DATA SEGMENT:
- - - - -

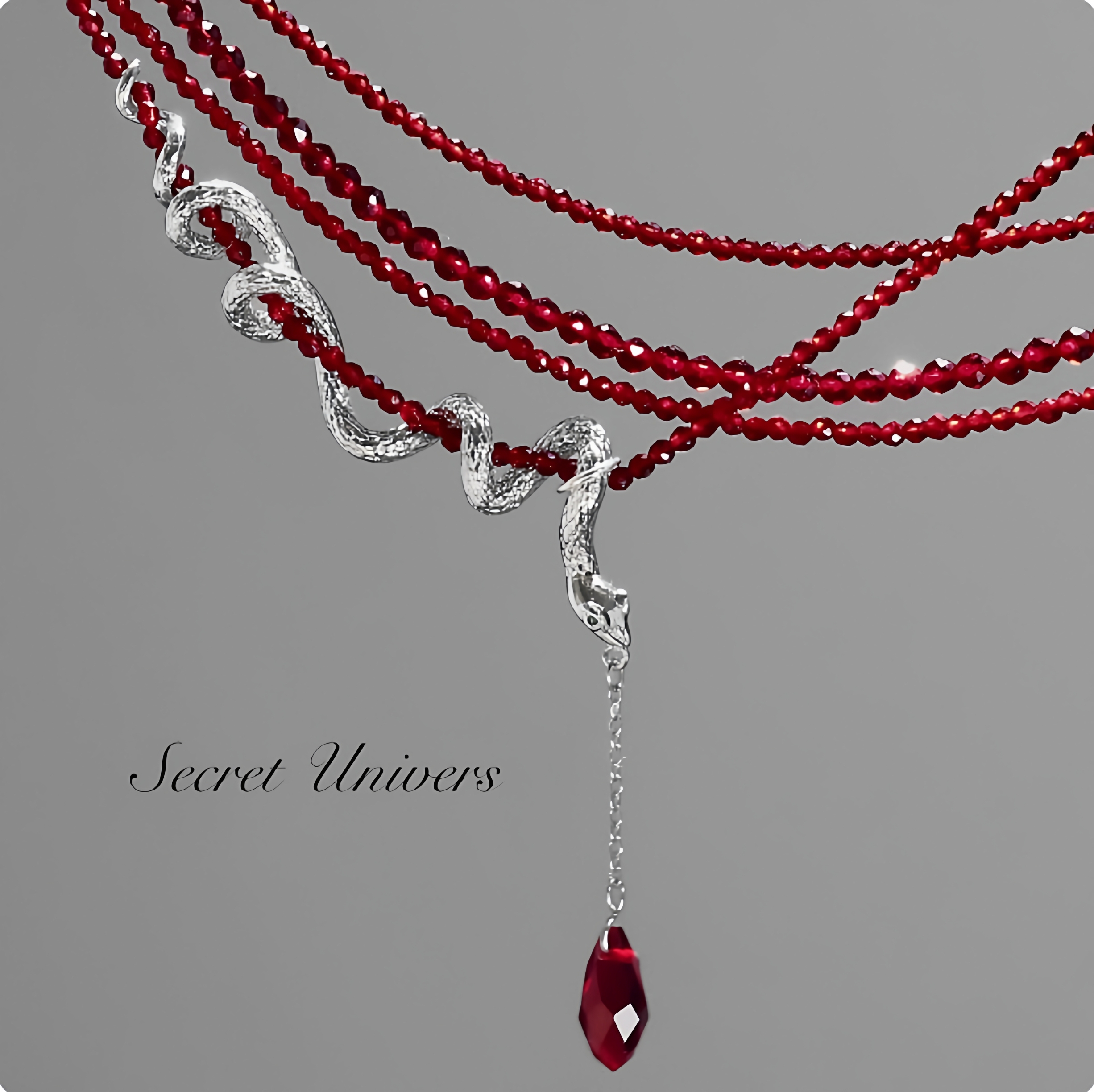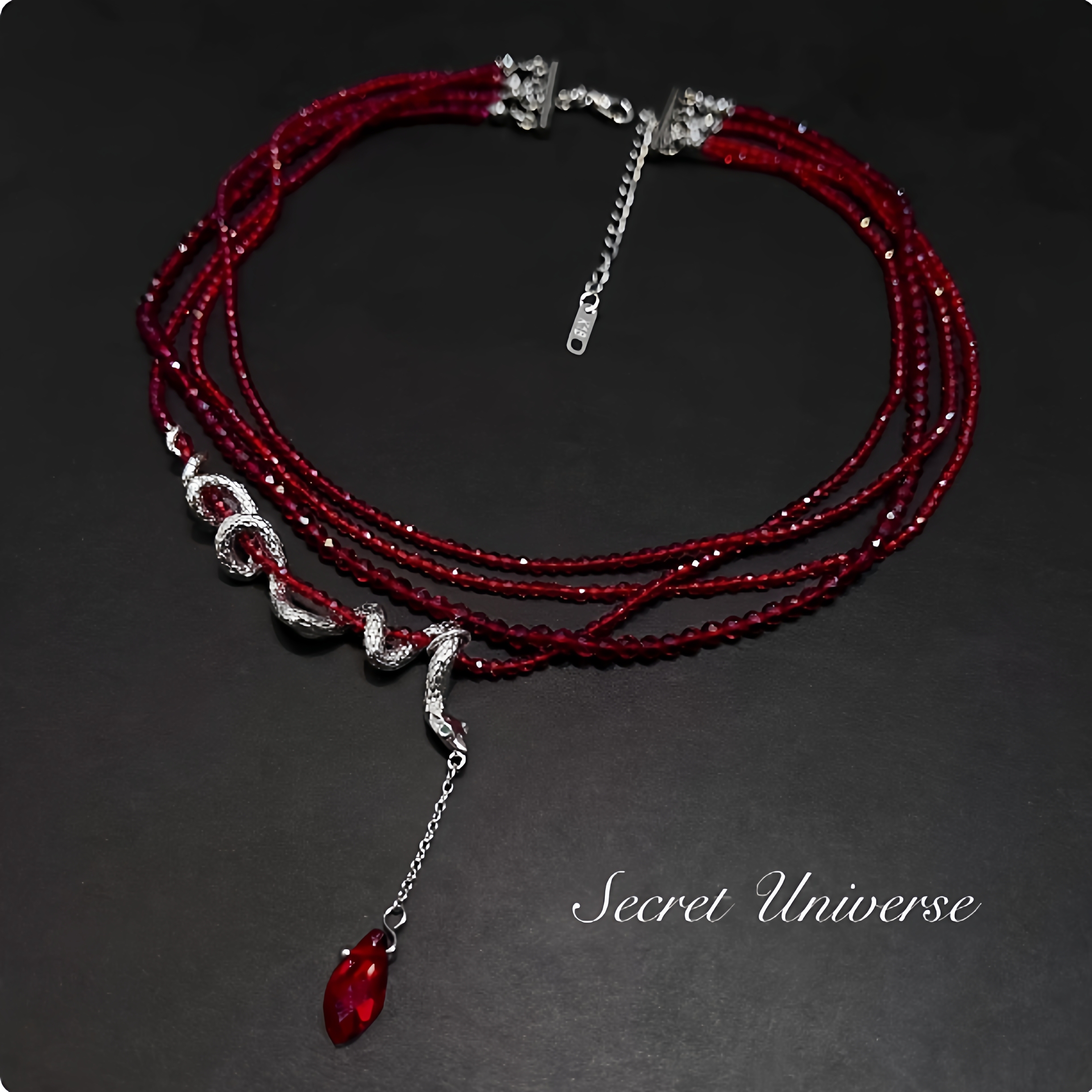 暗黑氛围感红色水晶串珠蛇形项链叠戴小蛇颈链水滴chocke锁骨链女
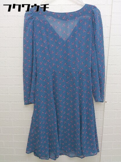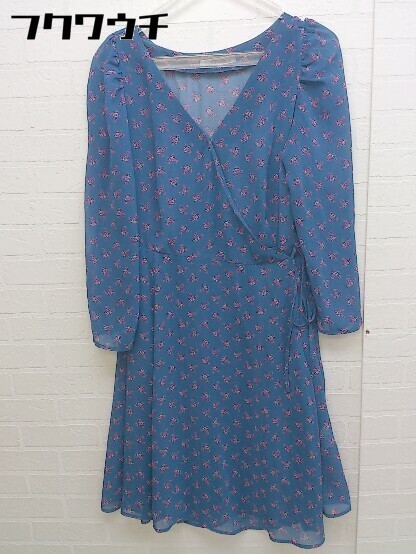 ◇ ◎ one after another NICE CLAUP 花柄 ラップ巻き 長袖 膝丈 ワンピース サイズF ネイビー パープル レディース
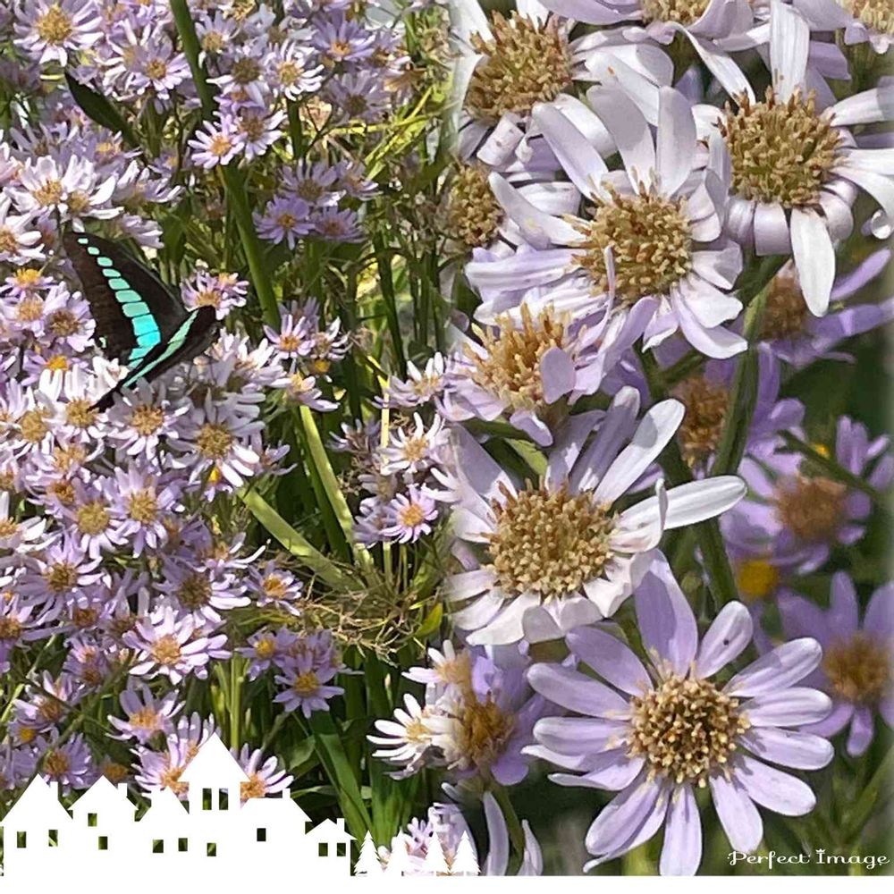 綺麗な紫苑とアオスジアゲハが

- - - - -

INSTRUCTIONS TO FOLLOW:
Only the pictures are to be left out; the rest of the material above should be printed verbatim.

RESPONSE TO THIS EXERCISE:
 暗黑氛围感红色水晶串珠蛇形项链叠戴小蛇颈链水滴chocke锁骨链女
 ◇ ◎ one after another NICE CLAUP 花柄 ラップ巻き 長袖 膝丈 ワンピース サイズF ネイビー パープル レディース
 綺麗な紫苑とアオスジアゲハが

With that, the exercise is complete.